I am currently working on a project that involves reading a lot of Stata files (282 at last count). I have no problems with automating that part, but since I need to split the project up into multiple files, I need to save the data frames I generate for later analysis. My problem is whether it is possible to save the variable labels that come with the original data. Currently, I use write_rds but that does not keep the variable label. I guess I could save them back to a Stata file, but that somehow seems like a backward way of going about it. Any suggestions would be much appreciated.
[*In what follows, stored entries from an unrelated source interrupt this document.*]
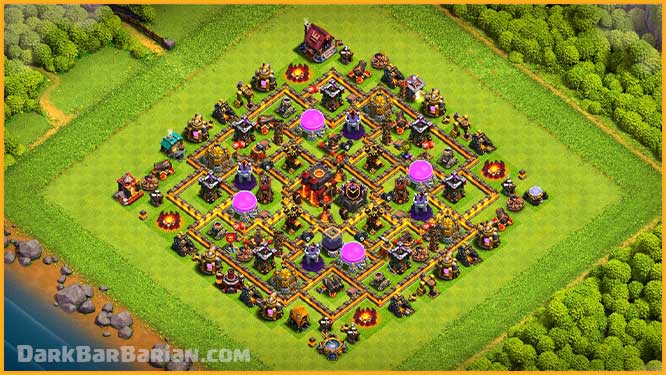 What’s up guys, Dark Barbarian here, and today I’m back with another Town Hall 10 Hybrid Base. This layout is built to give you solid protection for your loot while still helping you hold onto your trophies. It works really well for players who want a balanced base that can defend against a wide variety of attack strategies.
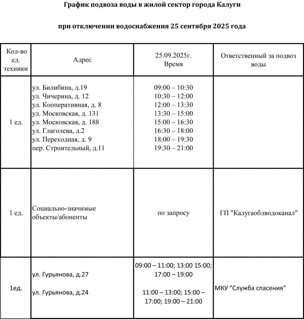 Публикуем график подвоза питьевой воды.
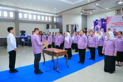 Ketua Tim Pembina Posyandu Kabupaten Labuhanbatu Utara (Labura) Tahun 2025, Ny. dr. Hj. Rama Dhona Hendriyanto Sitorus, M.Ked(Ped), Sp.A., dilantik oleh Bupati di Aula Ahmad Dewi Syukur, Rabu (27/8/2925).
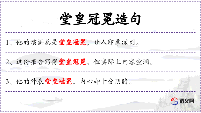 言辞堂皇冠冕:形容说话非常正式、庄重,但可能含有虚假或夸大的成分
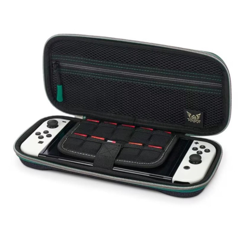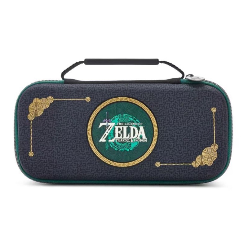 Um estojo compacto resistente, o case da PowerA apresenta revestimento externo resistente com alça emborrachada e puxadores de zíper duplos duráveis, aba protetora de tela com armazenamento para nove cartões de jogo, interior moldado com forro de feltro e armazenamento de malha com zíper e uma capa de proteção externa personalizada com o estilo do jogo Tears of Kingdom. Compatível com os modelos OLED, Switch e Lite. Oficialmente Licenciado pela Nintendo.

I don't know about Stata files, but you could use purrr with map_dfr() and setnames().

2 Likes

Thank you, but I already have the variable names and the labels thanks to haven. What I am looking for is some way of saving the data frame, including the labels, to my computer so I can have another script load the data frame and the labels would still be there. Using write_rds, only the variable names are saved.
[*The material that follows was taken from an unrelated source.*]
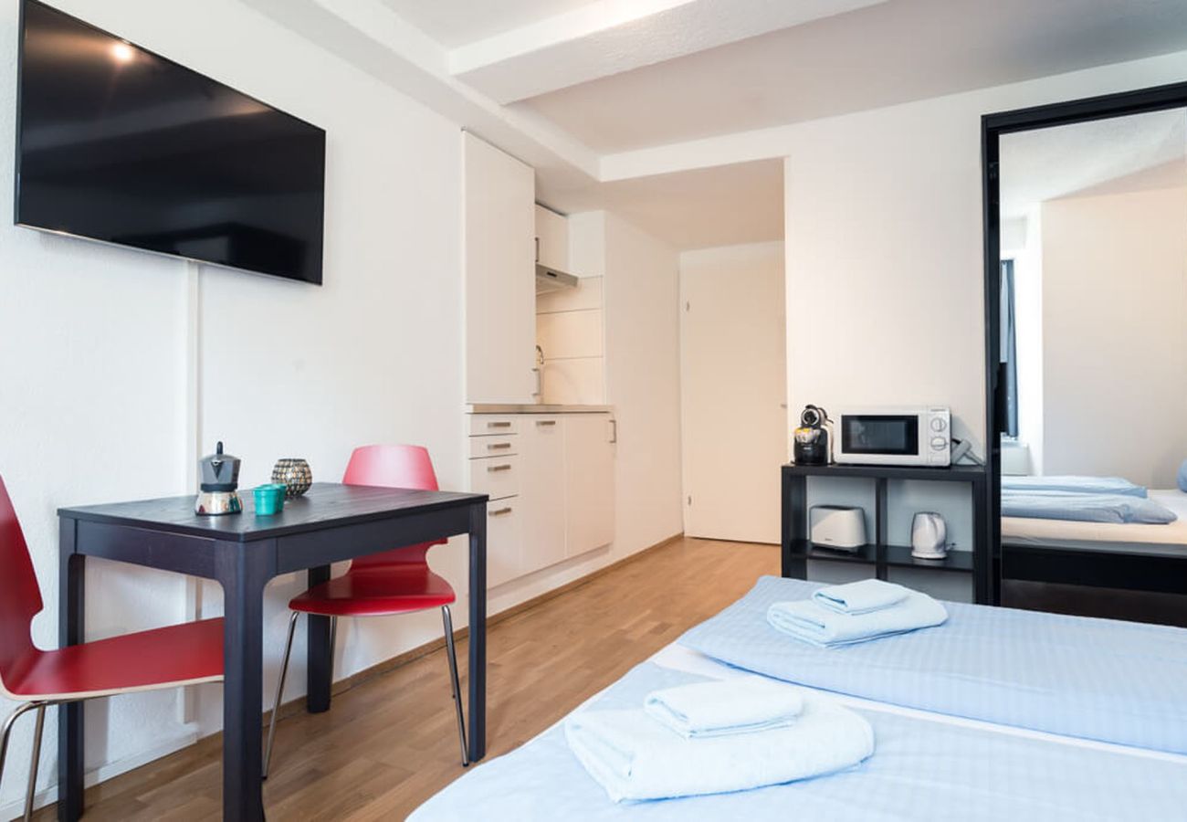 Apartamento estúdio confortável e totalmente mobiliado, com vista da bela cidade velha de Lucerna.

Ok, I misunderstood what you were after.

If you save("yourdata.RData") and load("yourdata.RData") then the names of the dataframes are maintained.

Otherwise I'm not sure what you mean by labels.

1 Like

When you say "labels" do you mean metadata that provides additional information about each column in a data frame? If so, you might check out the label function in the Hmisc package. label creates a label attribute to a data frame that can store a metadata label for each column. There's also a contents function for storing general metadata about an object. These attributes become part of the data frame and persist when you write/read the data as rds files.

I haven't really used this type of metadata feature before, but I think there are a few other packages that have similar features. You can also create attributes for any R object if you want to write your own function(s) for custom metadata storage. The Advanced R book has a section on this.

Thank you @martin.R and @joels. It turns out that there is a known issue with bind_rows where it sometimes strips data frame attributes like variable labels. Here, I mean "variable labels" as in the Stata sense, a description of the variable in addition to the variable name. In Stata, they allow for a convenient way to make, for example, table and graph legends. I am still adjusting to R when it comes to specific features that I relied on in Stata.

The package [sjlabelled](https://cran.r-project.org/web/packages/sjlabelled/index.html) has a command for getting variable and factor labels, so I am probably just going to save those and then reapply then once I am all done with bind_rows.

Thank you both for the suggestions.